What you return must be the exact lines of the material below, from the first through the one that has "2.5. Resveratrol Restores", with no pictures and, please, nothing else.
-- Input data follows --
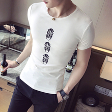 夏装短袖T恤男韩版紧身刺绣脸谱体恤圆领修身半袖打底衫学生上衣
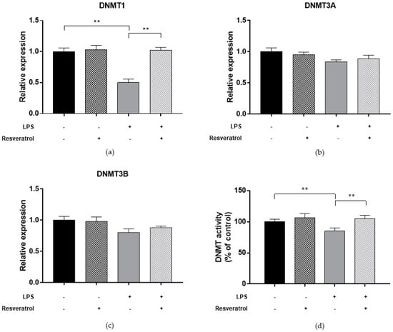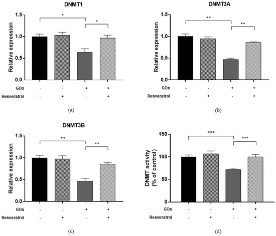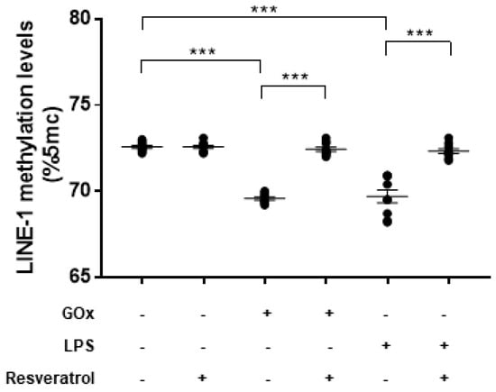 2.5. Resveratrol Restores DNMT and SIRT1 Functions and LINE-1 Methylation in Cells under Oxidative and Inflammatory Conditions
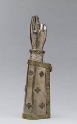 | Keywords: Rhenish - Arm Reliquary of Saint Pantaleon - Walters 57688 - Back.jpg This silver arm is known as a speaking reliquary because it takes shape of the body part it once contained The reliquary reputedly held an arm bone of Saint Pantaleon a Holy Doctor martyred in Asia Minor AD 305 who later became the patron saint of physicians The remains of an inscription along the seam of the sleeve refer to the saint by name The small door with the two glass shields was added in the 15th century as was the crystal at the edge of the sleeve Reliquary late 13th century; Additions 15th century Medieval gilded silver with rock crystal semiprecious stones glass and niello cm 47 2 12 8 9 2 accession number 57 688 25190 A Tollin Paris Chevallier Mannheim Paris May 20 1897 no 79 Robert Hoe New York American Art Association New York February 15 1911 no 1813 Wareham Harding New York Henry Walters city Baltimore Walters Art Museum Henry Walters Acquired by Henry Walters 1920 Transcription Incomplete inscription in niello on the narrow silver strip ornamenting the seam of the sleeve DE SANCTI PANTALEONIS + AVE; Translation From Pantaleon greetings A Medieval Treasury from Southern Collections Ackland Art Center University of North Carolina at Chapel Hill Chapel Hill 1961 Reliquaries and Ritual Medieval Objects of Devotion The Walters Art Gallery Baltimore 1984-1985 Treasures of Heaven The Cleveland Museum of Art Cleveland; The Walters Art Museum Baltimore; The British Museum London 2010-2011 place of origin west Germany Walters Art Museum license Arm Reliquary of Saint Pantaleon |
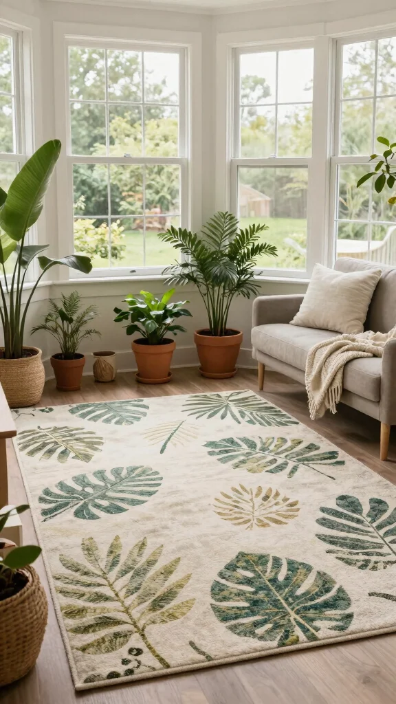 To enhance this look, coordinate your rug with natural materials like wood or stone, and use a color palette that mirrors the outdoors. Layering with soft throws and cushions adds to the cozy feel.
-- Input data concluded --
**Answer box:**
 夏装短袖T恤男韩版紧身刺绣脸谱体恤圆领修身半袖打底衫学生上衣
 2.5. Resveratrol Restores DNMT and SIRT1 Functions and LINE-1 Methylation in Cells under Oxidative and Inflammatory Conditions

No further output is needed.